2020-05-20T22:42:27.973Z ERROR [s3] s3/input.go:447 gzip.NewReader failed: gzip: invalid header
2020-05-20T22:42:27.974Z ERROR [s3] s3/input.go:386 createEventsFromS3Info failed for AWSLogs/123456789123/GuardDuty/ca-central-1/2020/05/15/659b5608-a71c-3b42-8979-f851e61d9098.jsonl.gz: gzip.NewReader failed: gzip: invalid header
And when using Filebeat 7.7.0 I get slightly different error messages. This seems to stem from the fact that GuardDuty is incorrectly assigning the application/json
MIME type to files that actually contain JSON lines/newline-delimited JSON.

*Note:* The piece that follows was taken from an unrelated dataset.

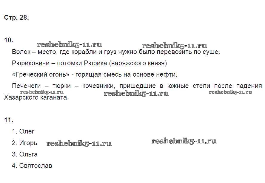 Готовая домашняя работа с ответами по Истории за 6 класс Кочегаров Рабочая тетрадь Инновационная школа Русское слово 2017 ФГОС - Раздел 2. Русь в IX-XII веках стр. 28
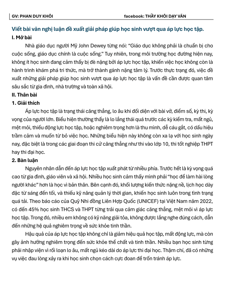 Đề 21. Viết bài văn nghị luận đề xuất giải pháp giúp học sinh vượt qua áp lực học tập.

2020-05-21T19:41:28.122Z ERROR [s3] s3/input.go:434 expand_event_list_from_field parameter is missing in config for application/json content-type file
2020-05-21T19:41:28.122Z ERROR [s3] s3/input.go:387 createEventsFromS3Info failed for AWSLogs/123456789123/GuardDuty/ca-central-1/2020/05/14/8b55ad23-fe05-3f4e-8ff7-d61365cb2ad3.jsonl.gz: expand_event_list_from_field parameter is missing in config for application/json content-type file
Expected Results
Presumably GuardDuty should be using application/json-seq
or application/jsonstream
or application/x-json-stream
or application/x-ndjson
or application/x-jsonlines
but there doesn't seem to be a standard there. So it seems like Filebeat should be able to handle cases where JSON-lines/NDJson files are saved with the application/json
MIME type, perhaps with automatic detection or a configuration override.
The S3 input plugin should also be careful to not attempt GZIP decompression twice (once automatic in the transport layer, and once explicitly in the s3 input code).
Additional information
- I'm testing Filebeat inside a docker container based on ubuntu:18.04
- I'm downloading Filebeat directly from artifacts.elastic.co and using the dpkg install method
My Filebeat Configuration
filebeat.inputs:
- type: s3
enabled: true
queue_url: https://sqs.ca-central-1.amazonaws.com/123456789123/awslogs-guardduty
processors:
- decode_json_fields:
fields: ['message']
target: "aws.guardduty"
- timestamp:
field: "aws.guardduty.updatedAt"
layouts:
- '2006-01-02T15:04:05Z'
- add_fields:
target: "event"
fields:
dataset: "aws.guardduty"